The article looks at the background of Oasis’ development, identifies its strengths and weaknesses, and offers some tips and techniques for using Oasis (especially in the transition period from GDSII). It then provides some insights into it’s future usage.
Why switch to Oasis?
GDSII was introduced in 1978 by Calma as the successor to 1971’s GDS design file format. The need for one format to succeed another was recognized back then after just seven years. However, the 30 years since have seen no major change made to GDSII as the de facto standard even though we would all acknowledge the extraordinary rate at which design complexity has increased.
It almost goes without saying that the design databases for today’s digital chips are obese. The physical description of a GDSII-encoded system-on-chip (SoC) can easily exceed 20Gb/s. Indeed, mask houses already talk of files in the 200GB range. Even where storage systems and data links can handle such volumes, the files themselves are still hard to manipulate.

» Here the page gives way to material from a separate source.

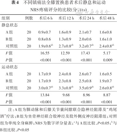 术后各时间点A、B组静息及运动NRS疼痛评分均明显低于对照组,差异均有统计学意义(P值均<0.05)。A组与B组比较差异均无统计学意义(P值均>0.05)。见表4。

Meanwhile, file size is not the only issue. The numerical values needed to describe the geometries of nanoscale structures on 300mm wafers will soon breach GDSII’s 32bit limit. Given these concerns, the Oasis format was developed. Its first official specification was released in 2004. This article describes how issues with the size and precision of design file encodes are addressed by the new format. It also highlights some of Oasis’ key features and offers some tips on how to get the most benefit from the standard. Our company, Xyalis, has had extensive experience with GDSII manipulation software and has already begun working with Oasis, developing ways to circumvent potential pitfalls and problems posed by the new standard.
How data size reduction works
The first goal of Oasis is to reduce the size of the database. This can be done in several ways, such as file structure optimization, the suppression of redundancies and the compacting of values.

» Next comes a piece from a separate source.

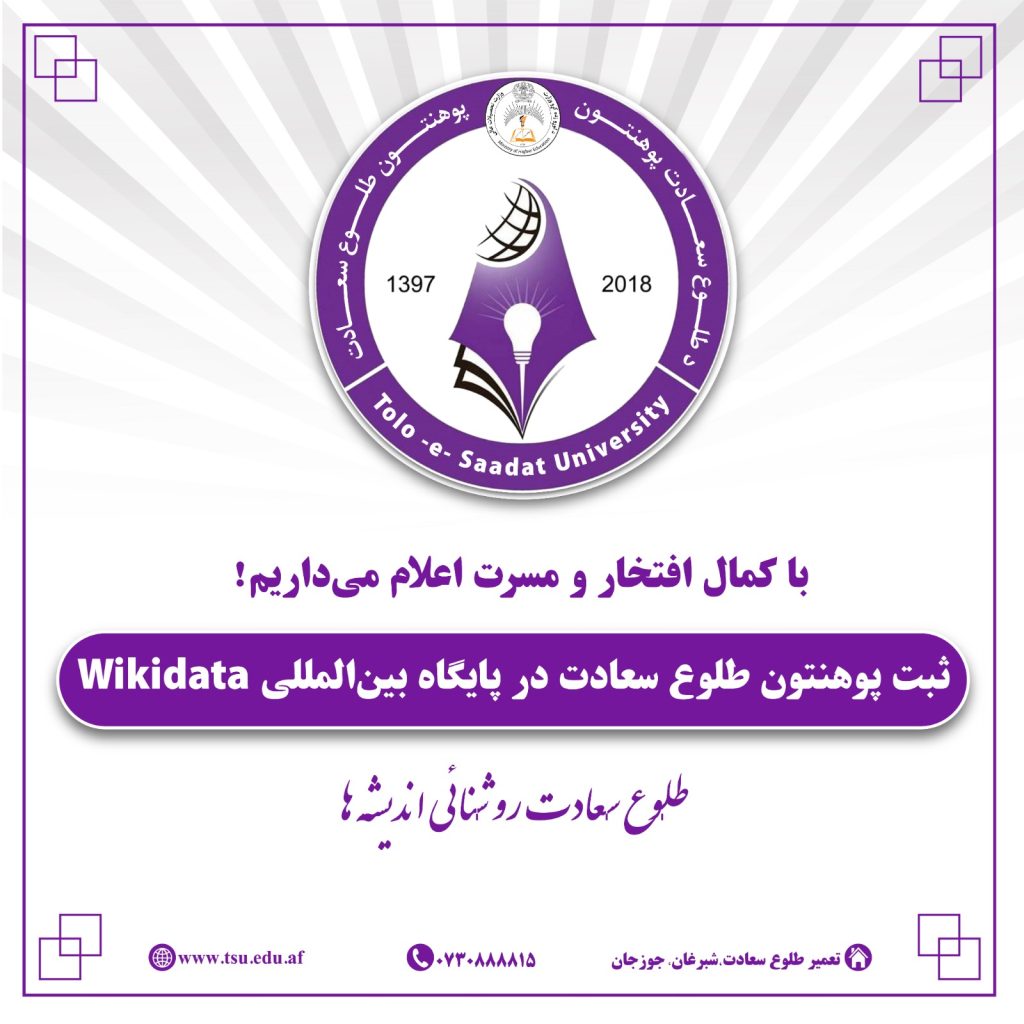 پوهنتون طلوع سعادت (TSU)، بهعنوان یک نهاد علمی–اکادمیک پویا و متعهد به معیارهای نوین تحصیلات عالی، با شناسه یکتای Q138767204 در پایگاه داده ساختارمند و بینالمللی Wikidata به ثبت رسیده است.

Reducing the size of geometric description
All the geometries that comprise the physical description of a chip are made up of polygons, which are themselves described as lists of coordinates. One type of optimization reduces the number of coordinates needed to describe a polygon, while another reduces the size (in terms of used bytes) of each individual coordinate.
Numerical values
Beyond controlling file sizes, another of Oasis’ goals is overcoming the limited precision of numerical values. These objectives would seem to be at odds with one another. In fact, Oasis stores all numerical values with variable length encoding. The numeric values are split in ‘bytes’ of 7 bits. The eighth bit is used to mark when an additional ‘byte’ is needed. Using this approach, a ‘small’ value will only use 1 byte, while a ‘big’ value will use 4 or more. This has two advantages. First, statistically, most values are small enough to use less than 4 bytes. Second, there is no limitation—at least in the standard: a value may have ‘infinite’ precision.
Polygons
Each polygon is described as a list of coordinates. In GDSII, all coordinates comprise a pair of absolute X and Y values. In Oasis, as small values use less space, each coordinate may be defined relative to the one before it. Because most geometries are made of ‘small’ polygons (compared to chip or wafer size), describing polygons with relative coordinates dramatically reduces data size.

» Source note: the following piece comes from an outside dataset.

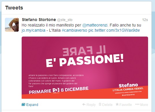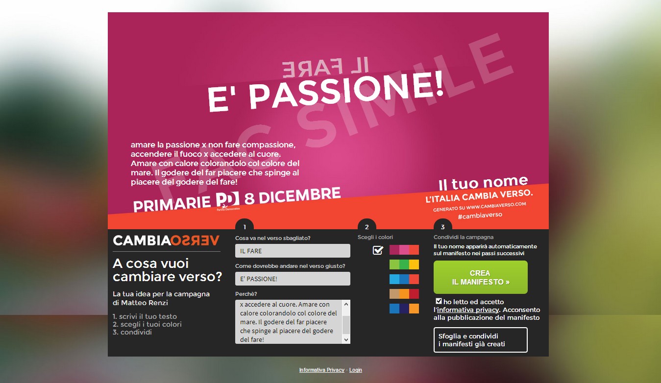 CAMBIAVERSO...partecipazione o marketing elettorale?Signori e Signore, se fosse uscito prima avremmo avuto un altro sito di idea-gathering su cui discutere durante il WS. :) Grazie a Michele D'Alena (partecipante al workshop) ed al suo post, oggi ho scoperto il nuovo sito e progetto elettorale di Matteo Renzi per le prossime primarie del PD. Interessante e da guardare con attenzione per una ragione principale: perchè dietro c'è una grande agenzia di comunicazione dunque esperti da cui attingere per conoscere cose su loro cui avranno ben studiato. Da questo punto di vista mi è piaciuto molto, perchè è la prima volta che mi capita di vedere, il puntare sui colori da assegnare ai propri messaggi... Ma, passata la nota benevola, la domanda seria che mi pongo e vi pongo è la seguente: un'agenzia di comunicazione può elaborare progetti di partecipazione? Detto in modi più brutali, l'attività su questo sito si può definire partecipazione? La partecipazione qui disegnata è finalizzata alla partecipazione oppure è strumentale alla mera elezione del candidato Renzi? E come vanno considerati dunque questi progetti? Ovviamente, e trovando conferma "partecipando" sul sito, le risposte sono alquanto ovvie per i partecipanti del Workshop e i sostenitori di questo sito dove stiamo scrivendo... Dunque mi sono divertito un po' e ho interagito, creando il mio Manifesto per l'Italia...

Furthermore, most polygons have standard shapes (e.g., squares, rectangles). Yet GDSII contains no shape-specific description scheme: the description of a polygon description starts at one point and then goes to the next until it gets back to the beginning, with each point represented by successive X and Y coordinates. A simple square then needs five points in GDSII. In Oasis, a square is identified by one point and its size: only three values are required, and at least one of these is almost always small.
Source: Xyalis
Indeed, various types of rectangles or trapezoids can be identified specifically in Oasis. As Figure 1 shows, no less than 25 different types of trapezoids can be described, each using the minimum number of values for its full description. (At this point, we should point out a specific aspect of the Oasis format that allows a rectangle to be described as a ‘rectangle’ or as a specific type of ‘trapezoid’. This kind of variation in encoding makes parsing more complex with Oasis and poses challenges to managing the optimization process.)
Layers
The final parts of the geometry description to be optimized are the layer and data type values. In GDSII, each polygon description includes the layer and the data type numbers. In Oasis, these values are specified only if they differ from the preceding value. Nevertheless, as with other numerical values, layer and data type numbers may have infinite precision. The restriction to 256 values in GDSII is gone. Oasis can accommodate as many layers as an advanced process description requires.
Optimizing geometric repetitions
A statistical analysis of any design will show many repetitions. For example, a simple contact may appear dozens of times in a single small library cell. Oasis allows such multiple occurrences of the same geometry to be instantiated.
Source: Xyalis
Regular arrays
In GDSII, the basic repetition mode for a matrix of cells is a regular array (Figure 2). Oasis extends repetition to other forms, even allowing for it in the description of non-orthogonal arrays (Figure 3). This feature is especially useful in describing metal (or ‘dummy’) fill structures.
Random distribution
In addition to regular arrays, Oasis allows users to instantiate random distributions of the same polygon. Here, such descriptions are followed by a displacement to the first point of the next identical polygon.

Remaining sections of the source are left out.